== Material for this exercise ==

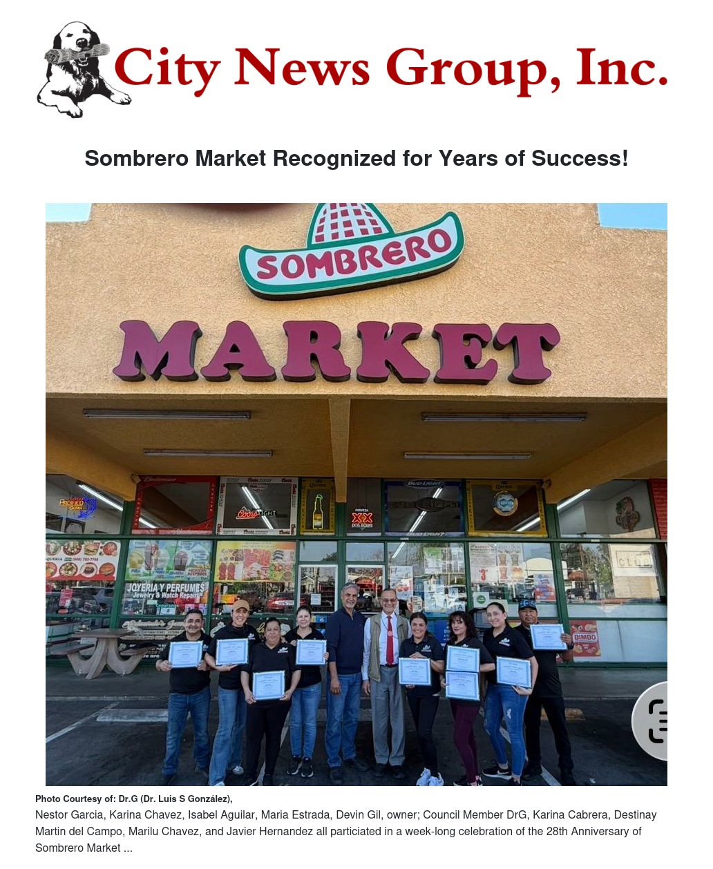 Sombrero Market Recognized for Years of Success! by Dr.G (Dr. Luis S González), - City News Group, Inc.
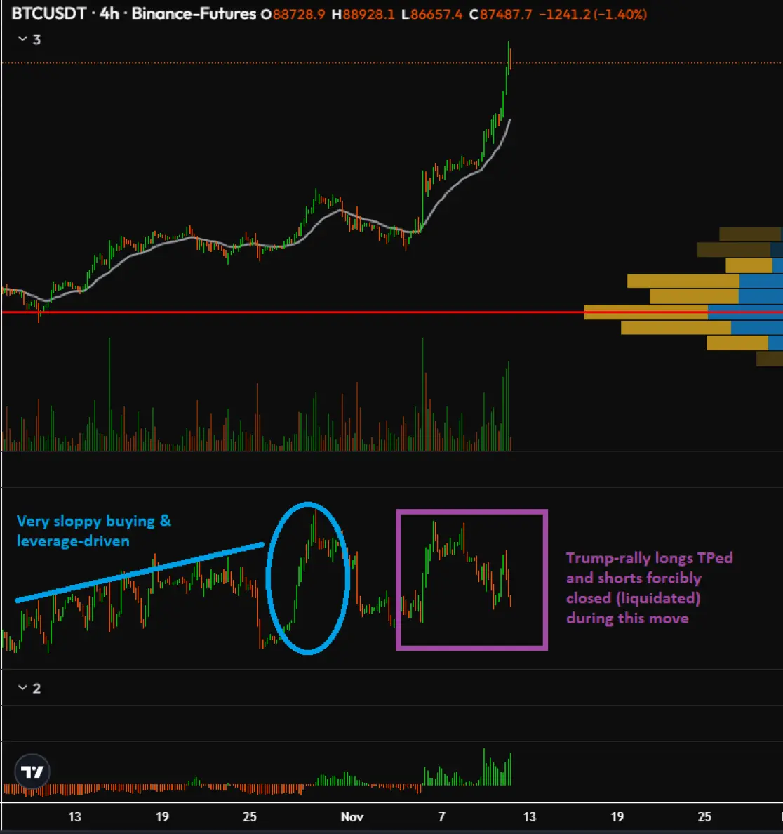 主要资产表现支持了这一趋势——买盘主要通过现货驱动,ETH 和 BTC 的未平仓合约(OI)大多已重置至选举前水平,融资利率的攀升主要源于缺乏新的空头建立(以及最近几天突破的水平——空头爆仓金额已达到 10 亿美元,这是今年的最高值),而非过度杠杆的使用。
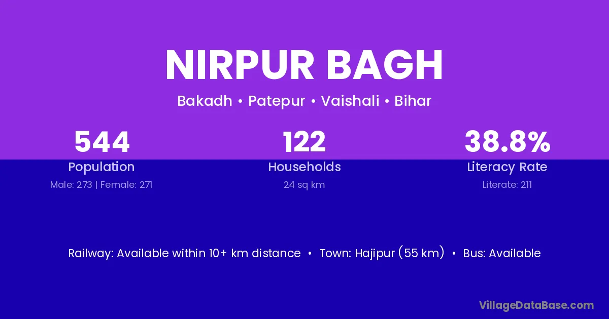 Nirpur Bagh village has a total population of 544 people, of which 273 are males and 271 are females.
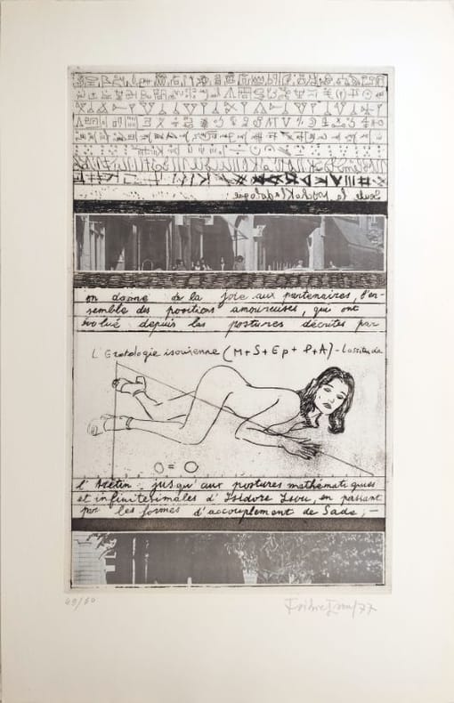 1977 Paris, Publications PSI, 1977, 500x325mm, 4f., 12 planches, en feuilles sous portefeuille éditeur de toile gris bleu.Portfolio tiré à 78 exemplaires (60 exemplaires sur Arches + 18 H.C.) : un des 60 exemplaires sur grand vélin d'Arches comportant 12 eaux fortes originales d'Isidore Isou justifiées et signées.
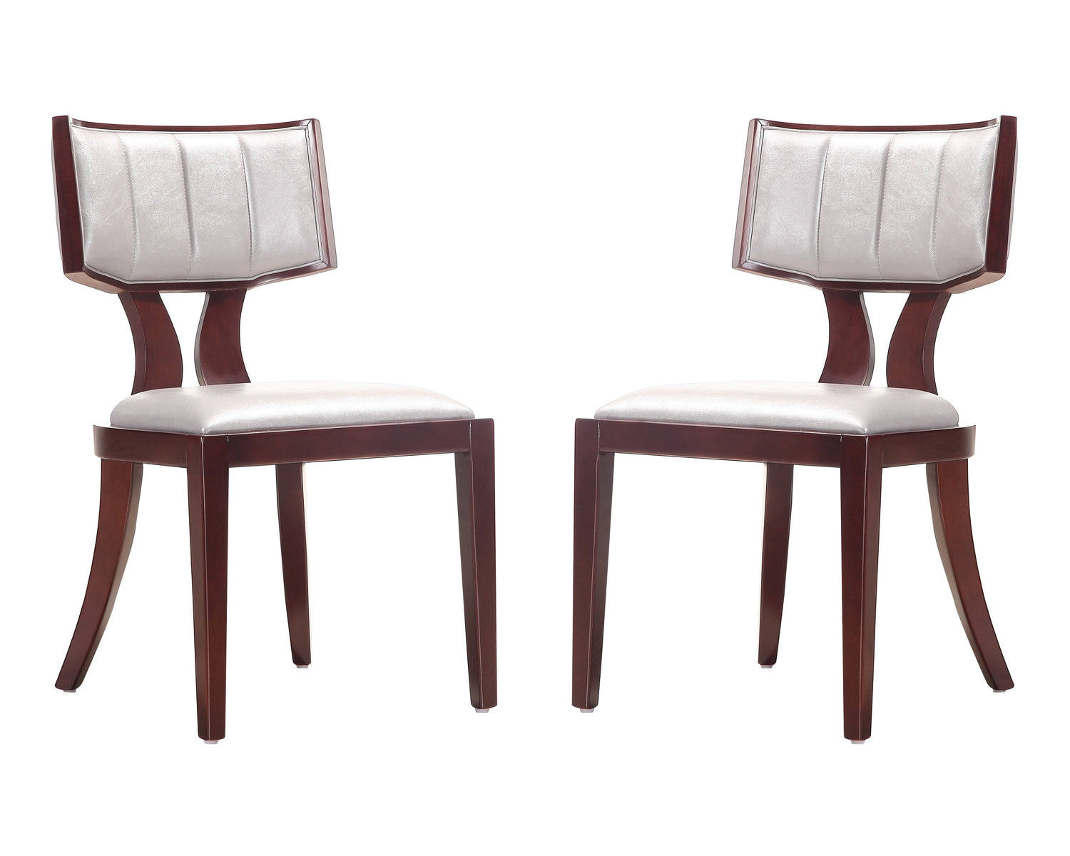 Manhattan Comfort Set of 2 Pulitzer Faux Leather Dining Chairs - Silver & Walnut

== Task details ==
Pictures aside, give the data again exactly as it appears.

== Task output ==
 Sombrero Market Recognized for Years of Success! by Dr.G (Dr. Luis S González), - City News Group, Inc.
 主要资产表现支持了这一趋势——买盘主要通过现货驱动,ETH 和 BTC 的未平仓合约(OI)大多已重置至选举前水平,融资利率的攀升主要源于缺乏新的空头建立(以及最近几天突破的水平——空头爆仓金额已达到 10 亿美元,这是今年的最高值),而非过度杠杆的使用。
 Nirpur Bagh village has a total population of 544 people, of which 273 are males and 271 are females.
 1977 Paris, Publications PSI, 1977, 500x325mm, 4f., 12 planches, en feuilles sous portefeuille éditeur de toile gris bleu.Portfolio tiré à 78 exemplaires (60 exemplaires sur Arches + 18 H.C.) : un des 60 exemplaires sur grand vélin d'Arches comportant 12 eaux fortes originales d'Isidore Isou justifiées et signées.
 Manhattan Comfort Set of 2 Pulitzer Faux Leather Dining Chairs - Silver & Walnut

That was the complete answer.